GNDB is the largest gas distribution network in Spain with over 5.3mn connection points in 1,100 municipalities. GN CEO Rafael Villaseca said that GNDB will remain "an essential part of our investment strategy" and that GN would retain 80% equity.
GN said the sale implies an enterprise value for GNDB at 100% of €13.935bn, noting that GN will enter into a €6bn long-term intra-group financing agreement with GNDB that would not affect GNF's capital structure or rating. The utility had first disclosed it was in talks with unnamed buyers to divest a 20% stake in GNDB two days earlier on August 1, following a Reuters report. Completion of the transaction is expected by January 2018.
CPPIB's second big deal in a month
This is the second major energy related transaction announced by CPPIB in less than a month: on July 12, Shell said it is to sell its 45% stake in the Corrib gas field offshore Ireland to the Canadian public investor for $1.23bn; that deal has yet to be completed. Separately Spanish national gas transmission system operator Enagas agreed April to sell a 34.6% stake in a Chilean LNG terminal for $341mn to Omers, another Canadian public fund.

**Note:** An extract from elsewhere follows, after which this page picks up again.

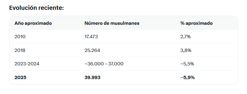 Según los datos de la UCIDE (Unión de Comunidades Islámicas de España), que podemos unir a los citados del Observatorio del Pluralismo Religioso, actualizados en 2025, el número de musulmanes en Navarra rondaría los 40.000, acercándose al 6% de la población. Es interesante no sólo la cantidad sino la evolución, que lógicamente sólo se entiende a través de la inmigración.
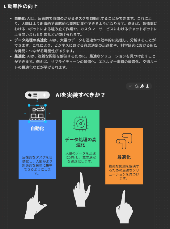このファクトチェックの作業は、Napkin AIに限らずあらゆる生成AIの活用において不可欠です。なぜなら、生成AIはユーザーが入力したテキストの構造化を得意とする反面、その際に事実確認をしているわけではないからです。

A year of Iberian midstream deal-making
The GNDB deal is one of several Iberian midstream divestments this year. Goldman Sachs is farming down its stake in third-largest Spanish gas distributor Redexis Gas to a UK public pension fund investor this summer, while Portugal's EDP agreed to divest its Spanish gas distributor to a US-Abu Dhabi-Swiss trio in April, and the same month Portuguese energy grids owner REN announced it was buying EDP's Portuguese gas distribution arm.
Eleven months ago, Repsol and Spanish investment fund Criteria Caixa each sold 10% equity in GN itself to New York-based private equity fund Global Infrastructure Partners (GIP), which paid them €3.8bn for the combined 20% interest along with joint control of GN and seats on its board. All three now each have roughly 20% equity in parent company GN.